With the Super Bowl right around the corner, I thought it was time I shared some party food! In my version of this classic dip I stuck with the basics, but made sure to add in lots of lettuce and grated my own cheese rather than using the pre-shredded stuff to avoid additives. I opted for whole black beans rather than refried beans because they're a little easier to make and also add a different texture. Pinto beans would be good too. I skipped the traditional black olives because we are not fans at my house, but feel free to add those if you like them. :) If I made this in the summer I'd also toss on some fresh tomatoes.
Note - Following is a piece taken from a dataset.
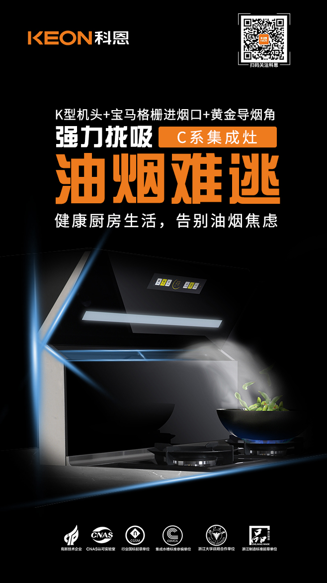 在烹飪環(huán)節(jié),側(cè)吸下排不跑煙是集成灶的必備基本功深受大眾喜愛,科恩C260在此基礎(chǔ)上突破常規(guī),創(chuàng)造性的采用以KEON首字母K為標識的機頭設(shè)計,其俯沖式角度、搭配寶馬格柵進煙口,在深腔的加持下,攏吸效果更為出色,三者相輔相成,形成黃金控?zé)焻^(qū),同步搭配瞬吸大吸力,把油煙扼殺在萌芽狀態(tài),油煙不過臉,無懼猛火爆炒挑戰(zhàn),縱享無煙廚房!

We're eating ours with the Garden of Eatin' No Salt Added Blue Corn Tortilla Chips.
Seven Layer Taco Dip
2.5 cups guacamole (1 batch of the recipe linked)
2 cups sour cream
2 cups salsa
1.5 cups cooked black beans
1 tablespoon homemade taco seasoning
4 cups chopped romaine lettuce (about 1 medium head)
8 oz cheddar cheese, shredded
1 bunch scallions (6-7 scallions), chopped
- Layer ingredients in a clear 9 x 13 baking dish in this order: guacamole, sour cream, salsa, black beans, taco seasoning, romaine lettuce, cheese, and scallions. Refrigerate until serving time. Serve with your favorite tortilla chips.